Capítulo 50

Adamsberg se esforzó en pasar inadvertido al entrar de nuevo en Ordebec a las dos de la tarde, una hora favorable de domingo en que las calles estaban vacías. Tomó la carretera forestal para ir a la casa de Léo, abrió la puerta de la habitación que consideraba suya. Hundirse en el surco del colchón le pareció una prioridad evidente. Depositó al dócil Hellebaud en el antepecho de la ventana y se acurrucó en la cama. Sin dormirse, escuchando el arrullo del palomo, que parecía satisfecho de volver a su sitio. Dejando entremezclarse todos sus pensamientos sin tratar ya de seleccionarlos. Recientemente, había visto una fotografía que le había llamado la atención por ofrecerle una clara ilustración de la idea que se hacía de su cerebro. Era el contenido de las redes de pesca vertido en el puente de un gran barco, formando una masa más alta que los marineros, heteróclita, que desafiaba la identificación mezclando inextricablemente la plata de los peces, el pardo de las algas, el gris de los crustáceos -de mar, y no de tierra como la cochinilla-, el azul de los bogavantes, el blanco de las conchas, sin que pudieran distinguirse los límites de los diferentes elementos. Siempre luchaba con eso, con un aglomerado confuso, ondeante y proteiforme, siempre a punto de alterarse o de derrumbarse, incluso de volver al mar. Los marinos seleccionaban la masa echando al agua las piezas demasiado pequeñas, los tapones de algas, las materias impropias, conservando las formas útiles y conocidas. Adamsberg, le parecía a él, procedía a la inversa, desechando los elementos que tenían sentido y escrutando luego los fragmentos ineptos de su amasijo personal.

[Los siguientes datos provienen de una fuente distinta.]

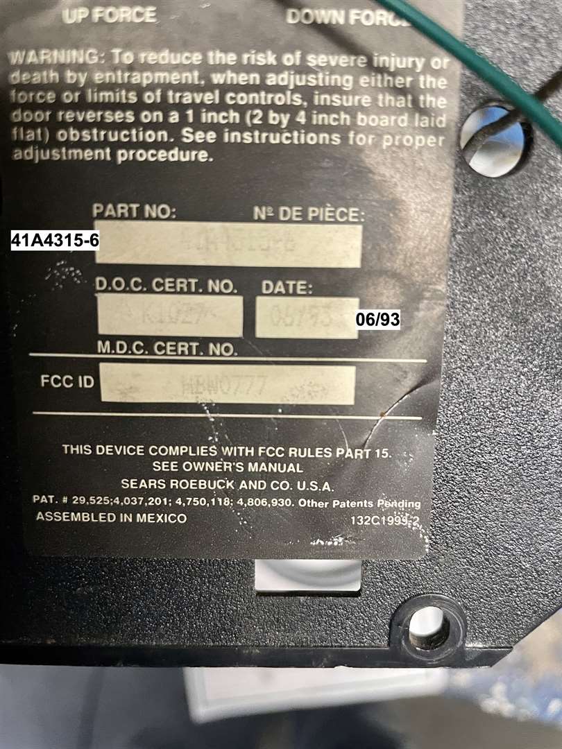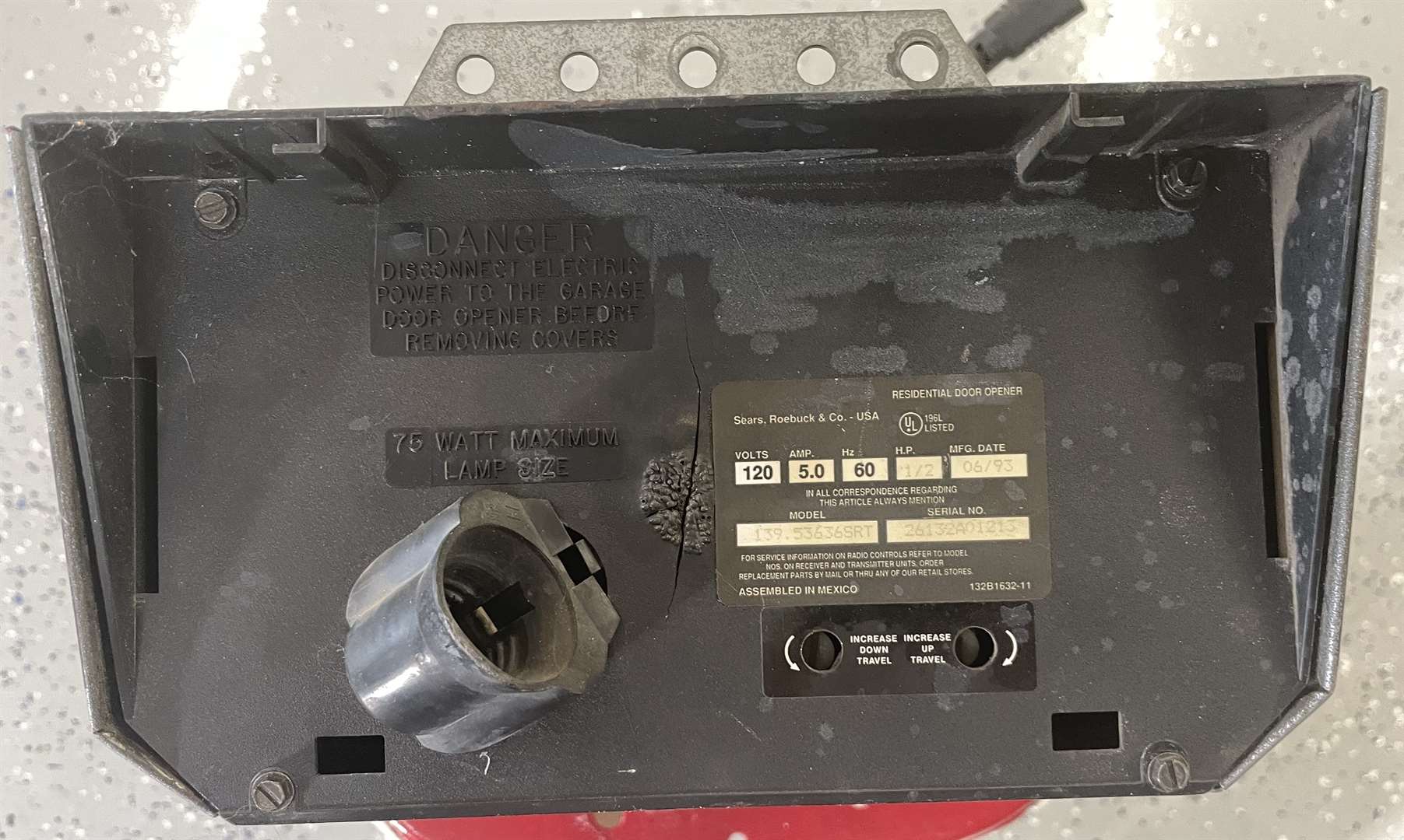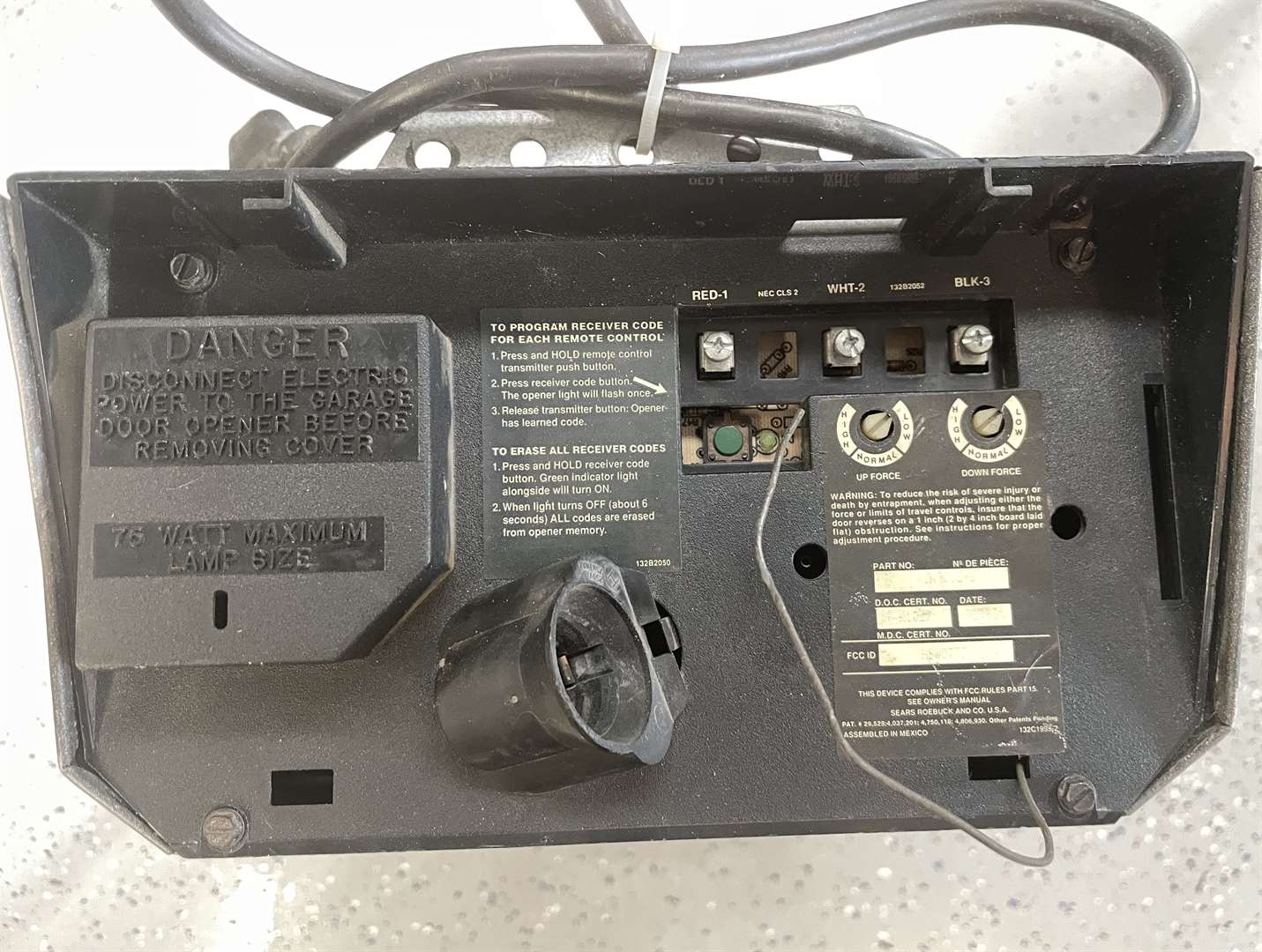 Selling a 1/2 Horsepower chain drive opener Chamberlain model 41A4315-6, Sears model 139.53636SRT. Does not include the light covers, chain, rail, brackets or safety sensors. Works with wireless remotes compatible with the green programming button openers, as well as using hard-wired switches (like doorbell switches). This was given to me as inoperable and I found the nylon gear stripped inside. It's been replaced, the unit cleaned and lubricated, and checked out. I'm only hoping to get back what I have in it.

Volvió al punto de partida, desde la mano de Blériot alzándose ante el café, y dio rienda suelta a las imágenes y sonidos de Ordebec, al bello rostro corroído del señor Hellequin, Léo esperándolo en el bosque, la bombonera Imperio en la mesa de Émeri, Hippo sacudiendo el vestido mojado de su hermana, la yegua cuyo hocico había acariciado, Mo y los lápices de colores, el ungüento en las partes arcillosas de Antonin, la sangre sobre la Madona de Glayeux, Veyrenc hundido en el andén de la estación, las vacas y la cochinilla, las bolas de electricidad, la batalla de Eylau, que Émeri había conseguido contarle tres veces, el bastón del conde golpeando el viejo parquet, el ruido de los grillos en casa de los Vendermot, la piara de jabalíes en el camino de Bonneval. Se volvió boca arriba, se puso las manos debajo de la nuca, mirando las vigas del techo. El azúcar. El azúcar lo había acosado a lo largo de los días, causándole una irritación anormal, hasta el punto de que lo había suprimido del café.

Adamsberg se levantó al cabo de dos horas, con las mejillas demasiado calientes. Sólo tenía una persona a quien ver, Hippolyte. Esperaría hasta las siete de la tarde, la hora en que todos los habitantes de Ordebec están apiñados en las cocinas y cafés para el aperitivo. Pasando por fuera del pueblo, podría llegar a la casa Vendermot sin correr el riesgo de encontrarse con alguien. También ellos estarían tomando el aperitivo, quizá acabando ese terrible oporto que habían comprado para agasajarle. Convencer a Hippo sin que se diera cuenta, hacer que fuera al lugar exacto donde él quería que estuviera, dirigirlo sin un solo fallo. Somos buena gente. Es una definición muy rápida para un niño con los dedos amputados que había aterrorizado a sus compañeros durante años. Somos buena gente. Consultó sus dos relojes. Tenía que hacer tres llamadas de confirmación. Una al conde de Valleray, otra a Danglard y la última a Merlán. Se pondría en camino al cabo de dos horas y media.

Salió sigilosamente de la habitación hasta el sótano. Allí, subiéndose a un tonel, alcanzaba un ventanuco polvoriento, única abertura que daba a una porción del prado de las vacas. Tenía tiempo, esperaría.

Al dirigirse prudentemente a la casa Vendermot cuando sonaba el ángelus, se sentía satisfecho. Tres vacas se habían movido, ni una menos. Y además, varios metros, sin despegar el hocico de la hierba. Eso le pareció un signo excelente para el futuro de Ordebec.